# Tutorial: Symbolic Regression

Welcome to this tutorial on symbolic regression! Symbolic regression offers the unique advantage of creating inherently explainable models by uncovering mathematical expressions that describe data. Once a prominent technique, it has been overshadowed by more complex methods, making it an old and forgotten child of machine learning. However, recent advancements have rekindled interest in its capabilities.

Symbolic regression stands out for its ability to produce models that are both accurate and interpretable. By revealing the underlying mathematical relationships in data, it allows for greater insight and understanding, making it a valuable tool in various fields. In this tutorial you will use and compare the following methods to discover relationships between datapoints.

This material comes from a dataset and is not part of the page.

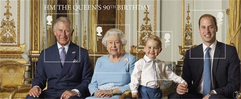 邮票中,伊丽莎白女王、查尔斯王子、威廉王子和三岁的乔治小王子一起出镜,第一次拍纪念邮票的乔治小王子握着爸爸的手咧嘴萌笑。

1. Non-symbolic regression methods:
    1. Decision Tree Regression
    2. Random Forest Regression
2. Symbolic regression methods:
    1. GPLearn: SR based on genetic programming by Trevor Stephens (2015)  (https://github.com/trevorstephens/gplearn)
    2. PySR: SR based on a multi-population evolutionary algoritm by Miles Cranmer (2023) (https://arxiv.org/abs/2305.01582)
    3. GFN-SR: Symbolic regression with generative flow networks by Li et al. (2023) (https://arxiv.org/abs/2312.00396)

The notebook introduces you to symbolic regression with some initial examples, followed by exercises and snippets of your own code.

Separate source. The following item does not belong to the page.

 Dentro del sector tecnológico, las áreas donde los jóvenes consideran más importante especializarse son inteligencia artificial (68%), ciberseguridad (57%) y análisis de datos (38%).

## Section 0: Introduction

Before we start, we import all relevant packages below.

In [None]:
# RUN THIS CELL FIRST. Do not change.

from gplearn.genetic import SymbolicRegressor
from sklearn.ensemble import RandomForestRegressor
from sklearn.tree import DecisionTreeRegressor, export_text
from sklearn.utils.random import check_random_state
import matplotlib.pyplot as plt
import numpy as np
import pandas as pd
import sys
import os

### Data Generation

First, we create the data used for the three methods mentioned above. The code below creates a surfaceplot of all points (x1,x2) between -1 and 1 for two features x1 and x2, according to the equation y_truth = x1^2 - x1^2 + x2 - 1. In the methods below we will try to find an equation that best fits y_truth. 

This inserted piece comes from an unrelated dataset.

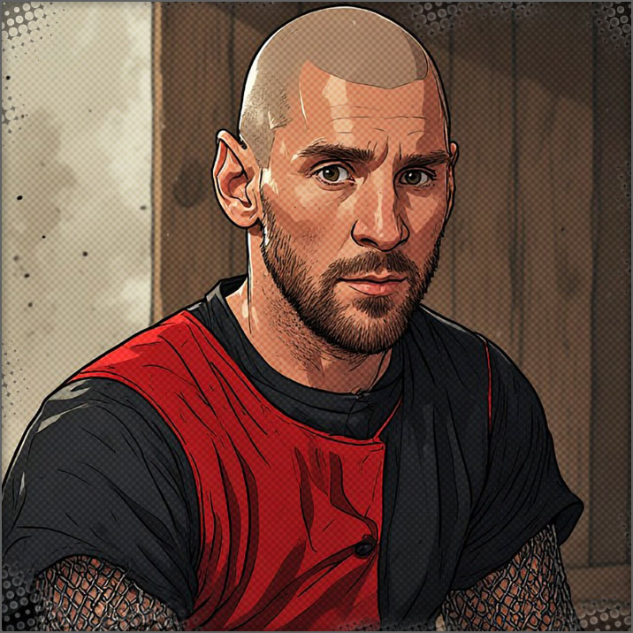 He was handicapped. He straps himself to a cart to get around. Since then he was healed by the Champion and can walk again. Marco is Wyzaquenne’s right hand man, very knowledgeable and a crude negotiator. He is considerate, casual, suspicious and many times Skillful.

Recall that in case of symbolic regression, the goal is to find an equation. In this example, the true equation is non-linear. To compare to other non-linear methods, we include Decision Tree (DT) Regression and Random Forest (RF) Regression. However, these methods will not produce an equation, but will simply train a DT or RF that best matches the given data.

In [None]:
# RUN THIS CELL. Do not change.

# Generating data
x1 = np.arange(-1, 1, 1/10.)
x2 = np.arange(-1, 1, 1/10.)
x1, x2 = np.meshgrid(x1, x2)
y_truth = x1**2 - x2**2 + x2 - 1

# Creating surface plot of y_truth
ax = plt.figure().add_subplot(projection='3d')
ax.set_xlim(-1, 1)
ax.set_ylim(-1, 1)
surf = ax.plot_surface(x1, x2, y_truth, rstride=1, cstride=1,
                       color='green', alpha=0.5)
plt.show()

## Section 1: Introduction to Non-Symbolic Regression Methods

In this section, we'll explore non-symbolic regression methods, which highlight the need for symbolic regression. Non-symbolic methods, like Decision Tree (DT) Regression and Random Forest (RF) Regression, are effective for prediction but have notable limitations. Note that non-symbolic regression methods will not produce an equation, but simply an output. 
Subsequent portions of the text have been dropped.